TASK INSTRUCTIONS:
Under this line are the records; repeat exactly the lines starting at the one containing "电视背景墙采用岩板交付,纹理" and ending at the one containing "Two beautifully cast", omitting pictures.

### AVAILABLE RECORDS

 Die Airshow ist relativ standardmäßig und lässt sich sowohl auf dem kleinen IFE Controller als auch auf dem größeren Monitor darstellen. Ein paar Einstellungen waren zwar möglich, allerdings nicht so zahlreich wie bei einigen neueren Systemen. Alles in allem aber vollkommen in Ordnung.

######
### AVAILABLE RECORDS

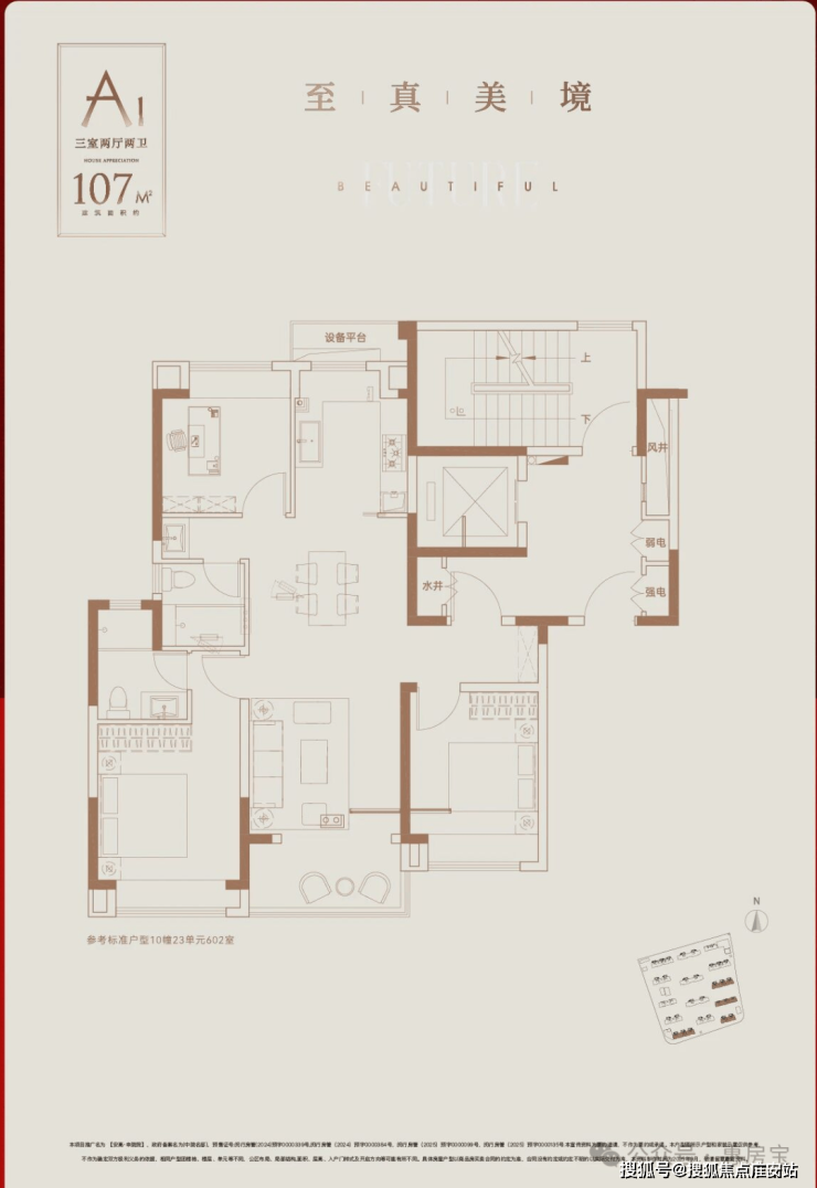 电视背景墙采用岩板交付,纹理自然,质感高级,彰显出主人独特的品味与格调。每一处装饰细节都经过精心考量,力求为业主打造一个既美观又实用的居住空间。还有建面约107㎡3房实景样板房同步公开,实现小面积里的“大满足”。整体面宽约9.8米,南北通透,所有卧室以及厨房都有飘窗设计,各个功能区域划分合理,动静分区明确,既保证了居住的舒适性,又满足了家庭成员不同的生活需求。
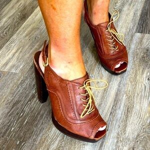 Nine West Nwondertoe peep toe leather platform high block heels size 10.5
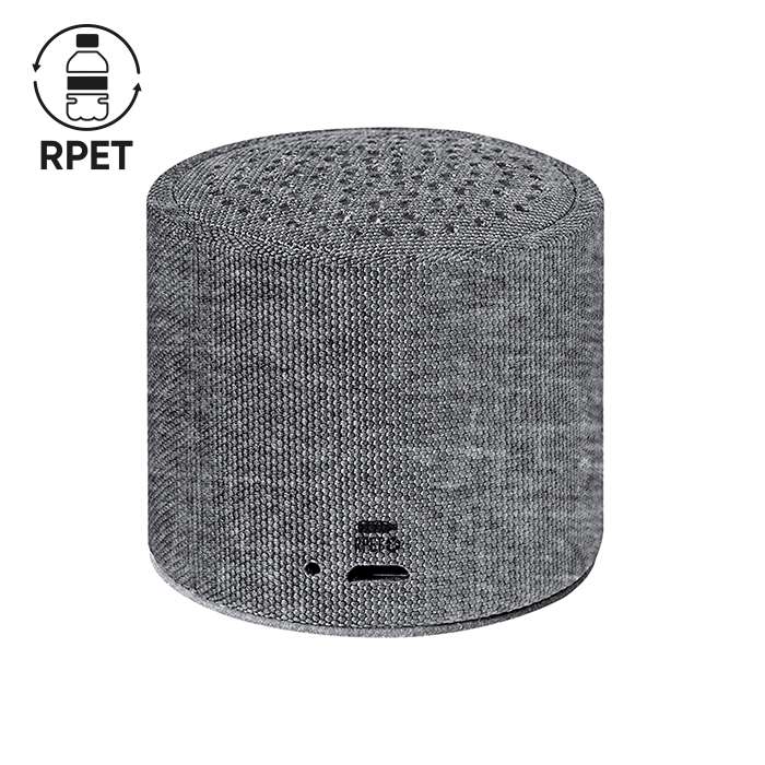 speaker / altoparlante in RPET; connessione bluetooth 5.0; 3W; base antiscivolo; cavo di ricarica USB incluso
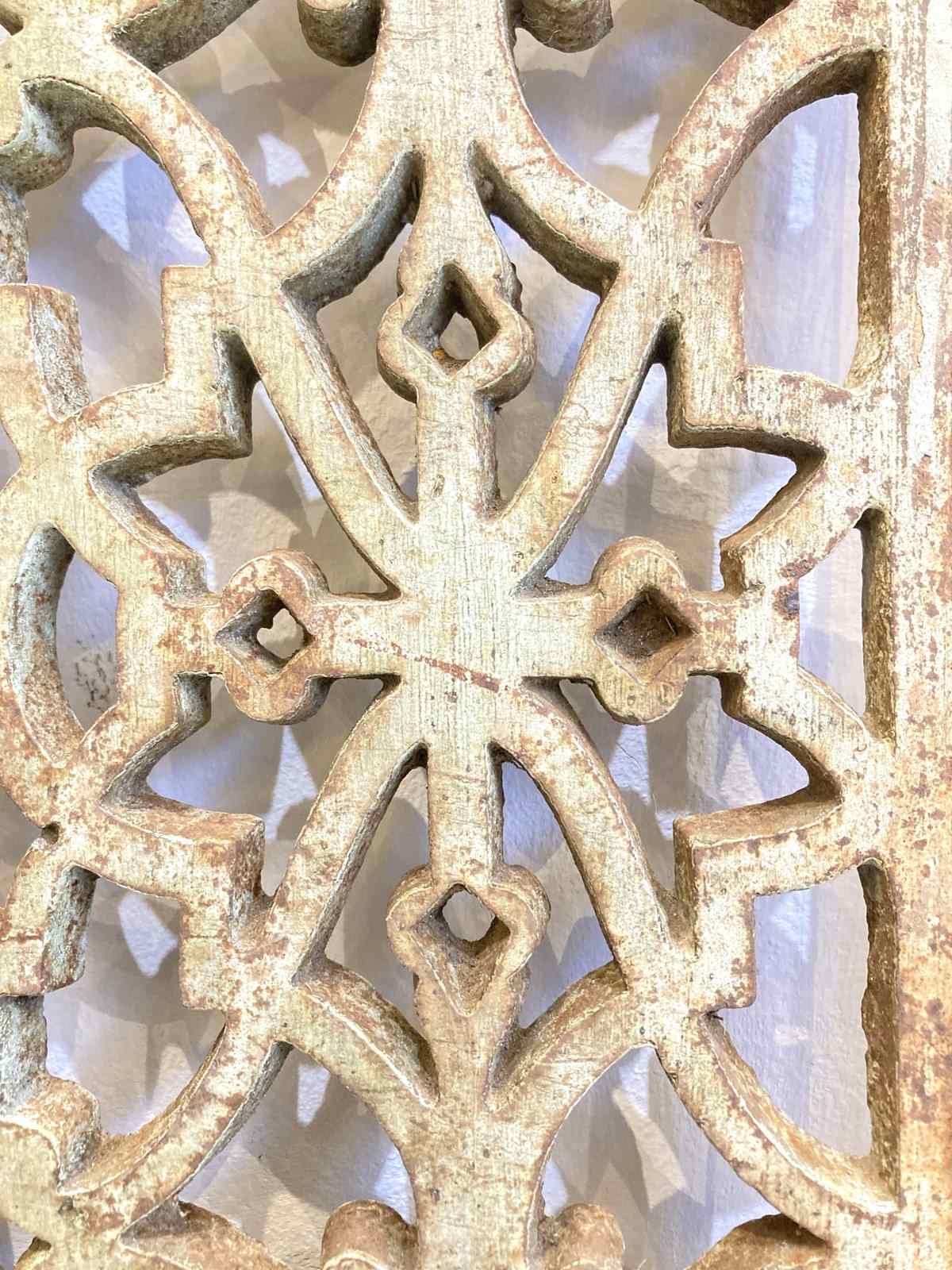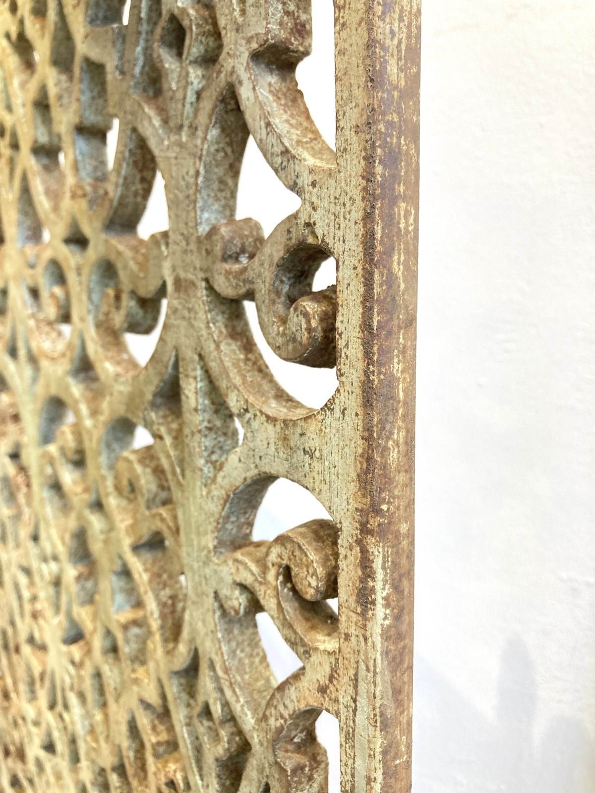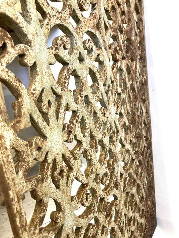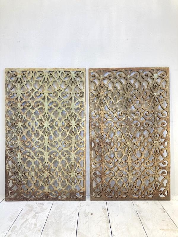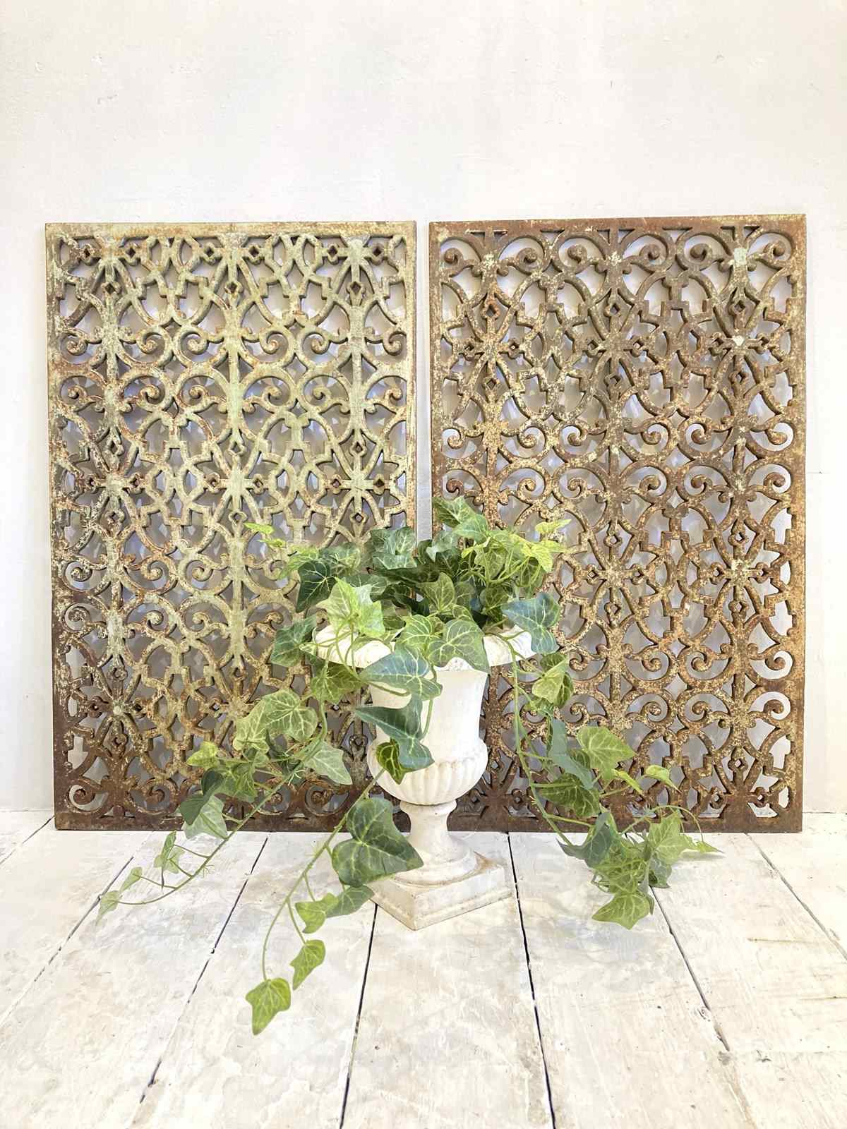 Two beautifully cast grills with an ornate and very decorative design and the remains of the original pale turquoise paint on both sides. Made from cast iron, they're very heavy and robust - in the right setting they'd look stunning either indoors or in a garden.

######
### AVAILABLE RECORDS

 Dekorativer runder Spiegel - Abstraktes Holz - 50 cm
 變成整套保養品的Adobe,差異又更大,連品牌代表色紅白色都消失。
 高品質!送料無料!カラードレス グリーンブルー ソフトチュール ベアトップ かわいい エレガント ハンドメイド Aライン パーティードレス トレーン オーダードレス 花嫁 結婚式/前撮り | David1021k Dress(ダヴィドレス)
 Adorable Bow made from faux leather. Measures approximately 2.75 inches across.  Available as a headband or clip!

######

RESPONSE AREA:
 电视背景墙采用岩板交付,纹理自然,质感高级,彰显出主人独特的品味与格调。每一处装饰细节都经过精心考量,力求为业主打造一个既美观又实用的居住空间。还有建面约107㎡3房实景样板房同步公开,实现小面积里的“大满足”。整体面宽约9.8米,南北通透,所有卧室以及厨房都有飘窗设计,各个功能区域划分合理,动静分区明确,既保证了居住的舒适性,又满足了家庭成员不同的生活需求。
 Nine West Nwondertoe peep toe leather platform high block heels size 10.5
 speaker / altoparlante in RPET; connessione bluetooth 5.0; 3W; base antiscivolo; cavo di ricarica USB incluso
 Two beautifully cast grills with an ornate and very decorative design and the remains of the original pale turquoise paint on both sides. Made from cast iron, they're very heavy and robust - in the right setting they'd look stunning either indoors or in a garden.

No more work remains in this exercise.